* [Aim of the exercise] Could you restate the data below word for word, without its pictures?

--

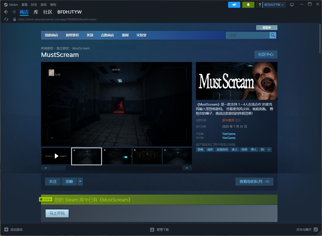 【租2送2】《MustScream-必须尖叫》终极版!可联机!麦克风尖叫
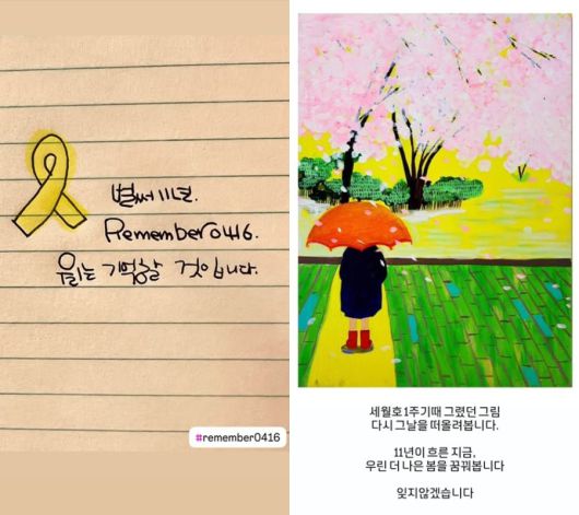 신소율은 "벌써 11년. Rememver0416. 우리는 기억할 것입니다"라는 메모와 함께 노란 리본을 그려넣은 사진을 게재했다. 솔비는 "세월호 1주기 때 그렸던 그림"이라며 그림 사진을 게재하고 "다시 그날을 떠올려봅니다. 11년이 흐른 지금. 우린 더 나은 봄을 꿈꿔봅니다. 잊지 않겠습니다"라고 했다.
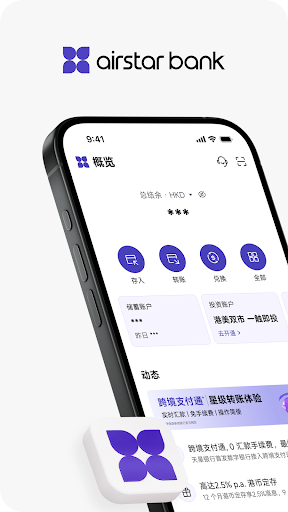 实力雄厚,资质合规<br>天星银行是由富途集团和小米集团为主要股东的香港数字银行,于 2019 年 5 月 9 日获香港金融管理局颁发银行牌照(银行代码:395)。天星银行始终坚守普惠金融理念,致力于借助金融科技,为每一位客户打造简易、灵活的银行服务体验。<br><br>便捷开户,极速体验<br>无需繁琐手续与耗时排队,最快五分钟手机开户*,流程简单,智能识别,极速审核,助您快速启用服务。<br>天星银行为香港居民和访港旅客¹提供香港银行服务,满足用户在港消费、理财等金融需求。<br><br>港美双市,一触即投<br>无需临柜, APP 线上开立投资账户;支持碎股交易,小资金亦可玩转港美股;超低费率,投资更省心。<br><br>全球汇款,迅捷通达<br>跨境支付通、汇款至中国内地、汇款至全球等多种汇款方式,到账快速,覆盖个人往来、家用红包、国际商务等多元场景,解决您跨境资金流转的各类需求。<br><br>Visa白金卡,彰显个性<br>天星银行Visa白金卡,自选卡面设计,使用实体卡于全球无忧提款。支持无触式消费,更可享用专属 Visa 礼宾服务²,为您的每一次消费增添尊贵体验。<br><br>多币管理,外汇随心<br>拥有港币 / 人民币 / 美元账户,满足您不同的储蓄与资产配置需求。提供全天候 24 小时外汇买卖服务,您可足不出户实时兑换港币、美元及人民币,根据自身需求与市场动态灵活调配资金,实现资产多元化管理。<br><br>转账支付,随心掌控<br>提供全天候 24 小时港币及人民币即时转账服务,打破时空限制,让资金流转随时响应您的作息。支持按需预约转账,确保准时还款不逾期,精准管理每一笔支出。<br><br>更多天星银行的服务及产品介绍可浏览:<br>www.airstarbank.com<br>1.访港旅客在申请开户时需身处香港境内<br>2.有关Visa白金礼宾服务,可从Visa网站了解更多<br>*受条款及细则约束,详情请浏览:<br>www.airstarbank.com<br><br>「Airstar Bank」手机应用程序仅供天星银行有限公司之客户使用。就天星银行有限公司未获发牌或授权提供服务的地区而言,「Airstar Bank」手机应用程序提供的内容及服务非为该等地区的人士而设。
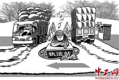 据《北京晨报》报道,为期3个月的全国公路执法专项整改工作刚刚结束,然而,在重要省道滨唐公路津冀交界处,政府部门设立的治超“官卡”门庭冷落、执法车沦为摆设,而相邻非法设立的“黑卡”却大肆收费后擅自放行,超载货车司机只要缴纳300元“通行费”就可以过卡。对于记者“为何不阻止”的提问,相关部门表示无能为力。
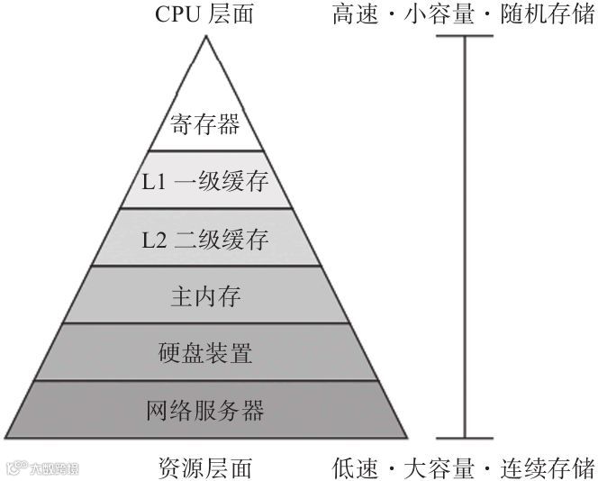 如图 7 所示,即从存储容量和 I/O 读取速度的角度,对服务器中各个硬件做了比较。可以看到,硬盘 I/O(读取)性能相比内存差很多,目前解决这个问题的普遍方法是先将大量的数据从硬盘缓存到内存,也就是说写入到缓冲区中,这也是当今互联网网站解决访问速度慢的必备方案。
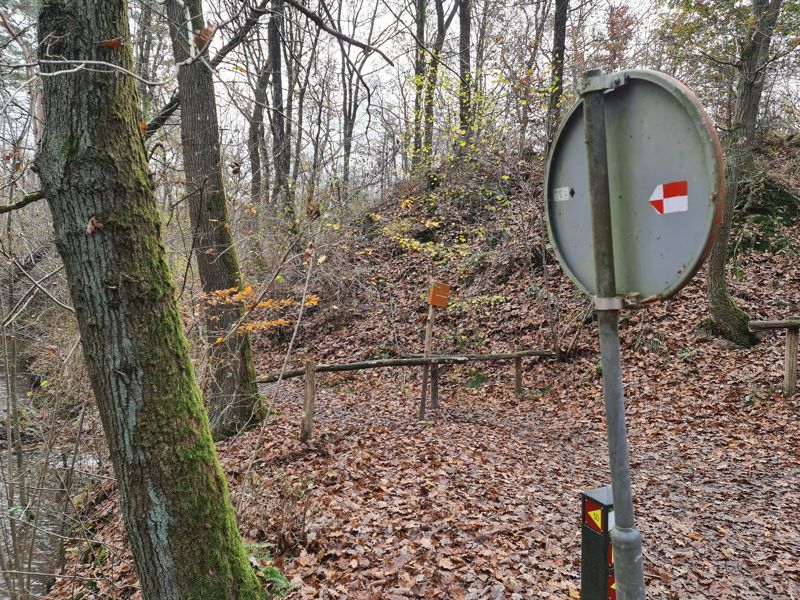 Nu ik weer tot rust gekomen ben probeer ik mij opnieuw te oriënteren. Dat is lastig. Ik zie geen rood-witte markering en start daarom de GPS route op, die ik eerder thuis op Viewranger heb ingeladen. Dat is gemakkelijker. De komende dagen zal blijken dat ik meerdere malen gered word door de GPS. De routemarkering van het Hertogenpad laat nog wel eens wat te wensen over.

--

* [Result below]
 【租2送2】《MustScream-必须尖叫》终极版!可联机!麦克风尖叫
 신소율은 "벌써 11년. Rememver0416. 우리는 기억할 것입니다"라는 메모와 함께 노란 리본을 그려넣은 사진을 게재했다. 솔비는 "세월호 1주기 때 그렸던 그림"이라며 그림 사진을 게재하고 "다시 그날을 떠올려봅니다. 11년이 흐른 지금. 우린 더 나은 봄을 꿈꿔봅니다. 잊지 않겠습니다"라고 했다.
 实力雄厚,资质合规<br>天星银行是由富途集团和小米集团为主要股东的香港数字银行,于 2019 年 5 月 9 日获香港金融管理局颁发银行牌照(银行代码:395)。天星银行始终坚守普惠金融理念,致力于借助金融科技,为每一位客户打造简易、灵活的银行服务体验。<br><br>便捷开户,极速体验<br>无需繁琐手续与耗时排队,最快五分钟手机开户*,流程简单,智能识别,极速审核,助您快速启用服务。<br>天星银行为香港居民和访港旅客¹提供香港银行服务,满足用户在港消费、理财等金融需求。<br><br>港美双市,一触即投<br>无需临柜, APP 线上开立投资账户;支持碎股交易,小资金亦可玩转港美股;超低费率,投资更省心。<br><br>全球汇款,迅捷通达<br>跨境支付通、汇款至中国内地、汇款至全球等多种汇款方式,到账快速,覆盖个人往来、家用红包、国际商务等多元场景,解决您跨境资金流转的各类需求。<br><br>Visa白金卡,彰显个性<br>天星银行Visa白金卡,自选卡面设计,使用实体卡于全球无忧提款。支持无触式消费,更可享用专属 Visa 礼宾服务²,为您的每一次消费增添尊贵体验。<br><br>多币管理,外汇随心<br>拥有港币 / 人民币 / 美元账户,满足您不同的储蓄与资产配置需求。提供全天候 24 小时外汇买卖服务,您可足不出户实时兑换港币、美元及人民币,根据自身需求与市场动态灵活调配资金,实现资产多元化管理。<br><br>转账支付,随心掌控<br>提供全天候 24 小时港币及人民币即时转账服务,打破时空限制,让资金流转随时响应您的作息。支持按需预约转账,确保准时还款不逾期,精准管理每一笔支出。<br><br>更多天星银行的服务及产品介绍可浏览:<br>www.airstarbank.com<br>1.访港旅客在申请开户时需身处香港境内<br>2.有关Visa白金礼宾服务,可从Visa网站了解更多<br>*受条款及细则约束,详情请浏览:<br>www.airstarbank.com<br><br>「Airstar Bank」手机应用程序仅供天星银行有限公司之客户使用。就天星银行有限公司未获发牌或授权提供服务的地区而言,「Airstar Bank」手机应用程序提供的内容及服务非为该等地区的人士而设。
 据《北京晨报》报道,为期3个月的全国公路执法专项整改工作刚刚结束,然而,在重要省道滨唐公路津冀交界处,政府部门设立的治超“官卡”门庭冷落、执法车沦为摆设,而相邻非法设立的“黑卡”却大肆收费后擅自放行,超载货车司机只要缴纳300元“通行费”就可以过卡。对于记者“为何不阻止”的提问,相关部门表示无能为力。
 如图 7 所示,即从存储容量和 I/O 读取速度的角度,对服务器中各个硬件做了比较。可以看到,硬盘 I/O(读取)性能相比内存差很多,目前解决这个问题的普遍方法是先将大量的数据从硬盘缓存到内存,也就是说写入到缓冲区中,这也是当今互联网网站解决访问速度慢的必备方案。
 Nu ik weer tot rust gekomen ben probeer ik mij opnieuw te oriënteren. Dat is lastig. Ik zie geen rood-witte markering en start daarom de GPS route op, die ik eerder thuis op Viewranger heb ingeladen. Dat is gemakkelijker. De komende dagen zal blijken dat ik meerdere malen gered word door de GPS. De routemarkering van het Hertogenpad laat nog wel eens wat te wensen over.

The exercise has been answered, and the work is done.